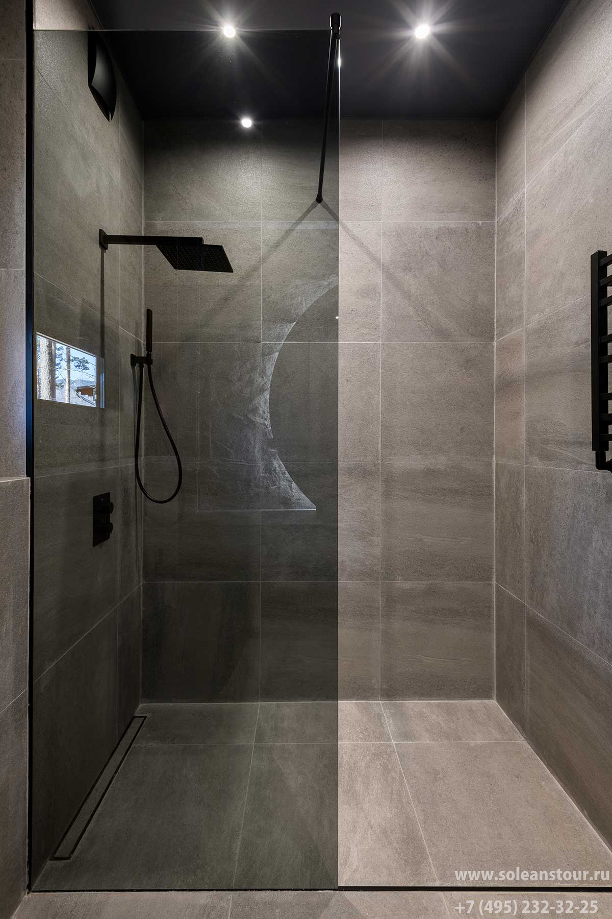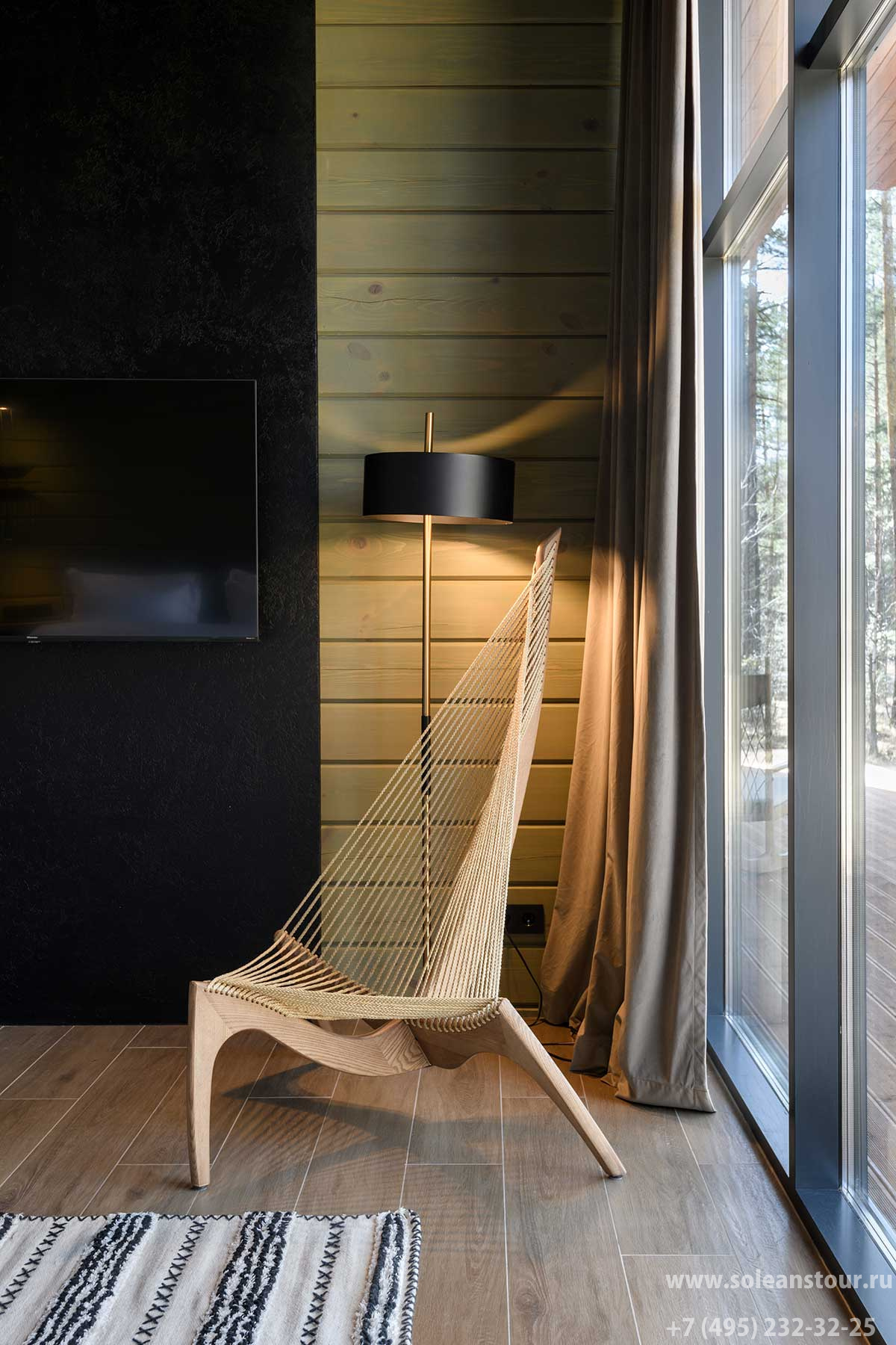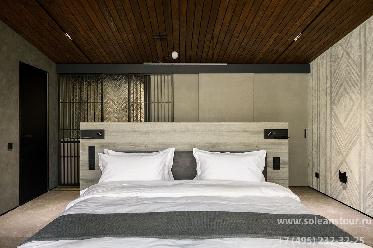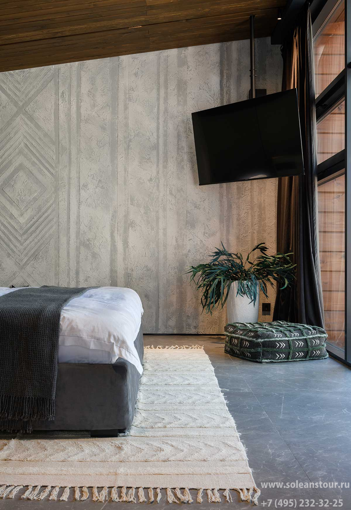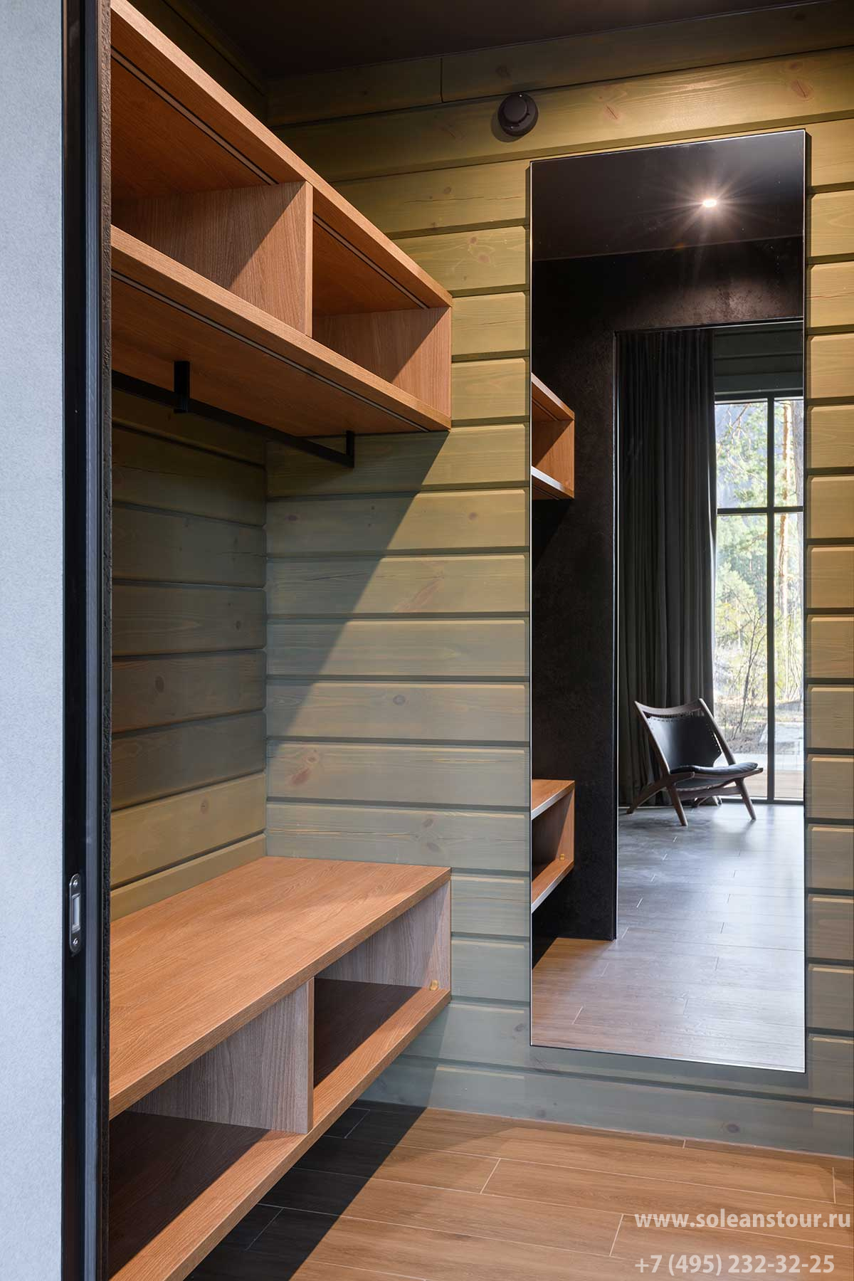В шале: собственная терраса 21,5м2, кухонная зона и капсульная кофемашина, просторные шкафы для вещей, ванная комната с полным комплектом гигиенических приборов, сейф, халаты, тапочки, мини-холодильник, гладилка и утюг.
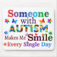 Inspirational Autism quote of “Someone With AUTISM Makes Me SMILE Every Single Day” with colourful Autism puzzles, beautiful flowers, and butterflies to support autistic children and their families.
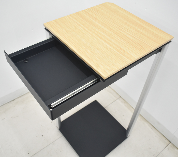 | ■備考 コクヨ SAシリーズ 電話台 引き出し付 幅350 コクヨのSAシリーズ・電話台です。 コミュニケーション空間を演出する上質なアクセサリーシリーズです。 端正なフォルム、繊細なディテール、上品な素材感で先進性の高いデザインを実現し、部屋隅配置に適した形状で隅に配置すると脚が目立たなくなり、スッキリとした印象になります。天板と支柱の隙間部分に配線することができます。 ●引出内寸法/幅22×奥行31.5×高さ3.5cm ●引出開口内寸法/幅22×奥行17cm ●耐荷重/天板:約10kg、引き出し:約1.5kg ●機能/小物引き出し、引き出しの方向の付け替え、天板と支柱の隙間部に配線可能、アジャスター(調整8mm) 建物内への搬入作業や梱包残材の回収をご希望される場合は、アートセッティングデリバリー(家財おまかせ便)でのお届けで対応可能です。 アートセッティングデリバリー(家財おまかせ便)でのお届けの場合の送料はお見積りとなります。 ご注文前にお見積りすることも可能ですし、ご注文時やご注文後にその旨ご希望いただければ対応させていただきますのでお申し付けください。 4t車が進入できない場所への配送・日曜祝日着・配達時間帯指定・トラックからの荷下ろし作業・搬入作業・組立作業等をご希望である場合はお見積りにて対応となりますのでお申し付けください(お見積りできない場合がございます)。 クリーニングとメンテナンスをしっかり行ってお届けします。 この商品の程度は中古品として美品といえます。 多少の擦れや傷はあるものの気になる程ではないでしょう。 御使用端末の環境により多少画像の表示色と実物の色に差違が生じる場合がございますのでご了承ください。 | |
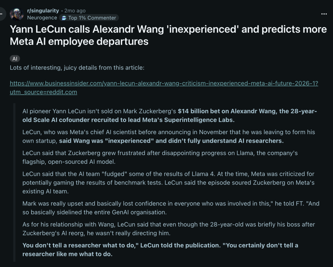 「Alex Wang缺乏研究经验,不了解AI研究者的工作方式,也不知道什么对研究者有吸引力、什么令他们反感。」
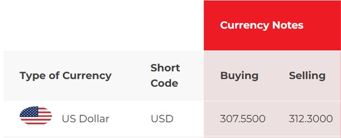 At NDB Bank, the buying rate of the US dollar remains unchanged at Rs. 306.90, while the selling rate is also unchanged at Rs. 313.40.
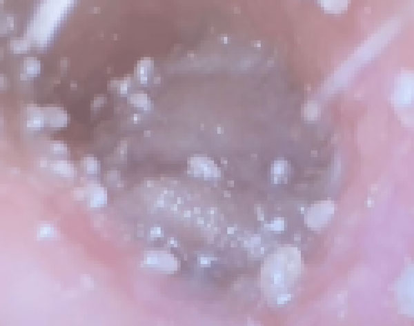 - 내시경 관찰 결과: 오른쪽 외이도 전체에 수많은 흰색 타원형 병변이 이물질과 섞여 관찰되었으며, 심한 염증 소견을 보였습니다.
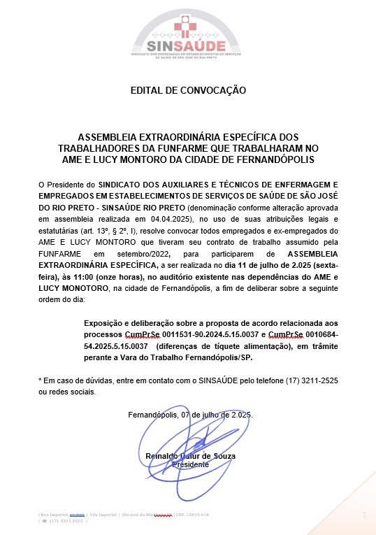 O Presidente do SINDICATO DOS AUXILIARES E TÉCNICOS DE ENFERMAGEM E EMPREGADOS EM ESTABELECIMENTOS DE SERVIÇOS DE SAÚDE DE SÃO JOSÉ DO RIO PRETO – SINSAÚDE RIO PRETO (denominação conforme alteração aprovada em assembleia realizada em 04.04.2025), no uso de suas atribuições legais e estatutárias (art. 13º, § 2º, I), resolve convocar todos empregados e ex-empregados do AME E LUCY MONTORO que tiveram seu contrato de trabalho assumido pela FUNFARME em setembro/2022, para participarem de ASSEMBLEIA EXTRAORDINÁRIA ESPECÍFICA, a ser realizada no dia 11 de julho de 2.025 (sexta-feira), às 11:00 (onze horas), no auditório existente nas dependências do AME e LUCY MONOTORO, na cidade de Fernandópolis, a fim de deliberar sobre a seguinte ordem do dia:

⁂

EXERCISE DESCRIPTION>
Output nothing except an exact copy of the records above, with the images left out.

PROBLEM SOLUTION>
В шале: собственная терраса 21,5м2, кухонная зона и капсульная кофемашина, просторные шкафы для вещей, ванная комната с полным комплектом гигиенических приборов, сейф, халаты, тапочки, мини-холодильник, гладилка и утюг.
 Inspirational Autism quote of “Someone With AUTISM Makes Me SMILE Every Single Day” with colourful Autism puzzles, beautiful flowers, and butterflies to support autistic children and their families.
 | ■備考 コクヨ SAシリーズ 電話台 引き出し付 幅350 コクヨのSAシリーズ・電話台です。 コミュニケーション空間を演出する上質なアクセサリーシリーズです。 端正なフォルム、繊細なディテール、上品な素材感で先進性の高いデザインを実現し、部屋隅配置に適した形状で隅に配置すると脚が目立たなくなり、スッキリとした印象になります。天板と支柱の隙間部分に配線することができます。 ●引出内寸法/幅22×奥行31.5×高さ3.5cm ●引出開口内寸法/幅22×奥行17cm ●耐荷重/天板:約10kg、引き出し:約1.5kg ●機能/小物引き出し、引き出しの方向の付け替え、天板と支柱の隙間部に配線可能、アジャスター(調整8mm) 建物内への搬入作業や梱包残材の回収をご希望される場合は、アートセッティングデリバリー(家財おまかせ便)でのお届けで対応可能です。 アートセッティングデリバリー(家財おまかせ便)でのお届けの場合の送料はお見積りとなります。 ご注文前にお見積りすることも可能ですし、ご注文時やご注文後にその旨ご希望いただければ対応させていただきますのでお申し付けください。 4t車が進入できない場所への配送・日曜祝日着・配達時間帯指定・トラックからの荷下ろし作業・搬入作業・組立作業等をご希望である場合はお見積りにて対応となりますのでお申し付けください(お見積りできない場合がございます)。 クリーニングとメンテナンスをしっかり行ってお届けします。 この商品の程度は中古品として美品といえます。 多少の擦れや傷はあるものの気になる程ではないでしょう。 御使用端末の環境により多少画像の表示色と実物の色に差違が生じる場合がございますのでご了承ください。 | |
 「Alex Wang缺乏研究经验,不了解AI研究者的工作方式,也不知道什么对研究者有吸引力、什么令他们反感。」
 At NDB Bank, the buying rate of the US dollar remains unchanged at Rs. 306.90, while the selling rate is also unchanged at Rs. 313.40.
 - 내시경 관찰 결과: 오른쪽 외이도 전체에 수많은 흰색 타원형 병변이 이물질과 섞여 관찰되었으며, 심한 염증 소견을 보였습니다.
 O Presidente do SINDICATO DOS AUXILIARES E TÉCNICOS DE ENFERMAGEM E EMPREGADOS EM ESTABELECIMENTOS DE SERVIÇOS DE SAÚDE DE SÃO JOSÉ DO RIO PRETO – SINSAÚDE RIO PRETO (denominação conforme alteração aprovada em assembleia realizada em 04.04.2025), no uso de suas atribuições legais e estatutárias (art. 13º, § 2º, I), resolve convocar todos empregados e ex-empregados do AME E LUCY MONTORO que tiveram seu contrato de trabalho assumido pela FUNFARME em setembro/2022, para participarem de ASSEMBLEIA EXTRAORDINÁRIA ESPECÍFICA, a ser realizada no dia 11 de julho de 2.025 (sexta-feira), às 11:00 (onze horas), no auditório existente nas dependências do AME e LUCY MONOTORO, na cidade de Fernandópolis, a fim de deliberar sobre a seguinte ordem do dia:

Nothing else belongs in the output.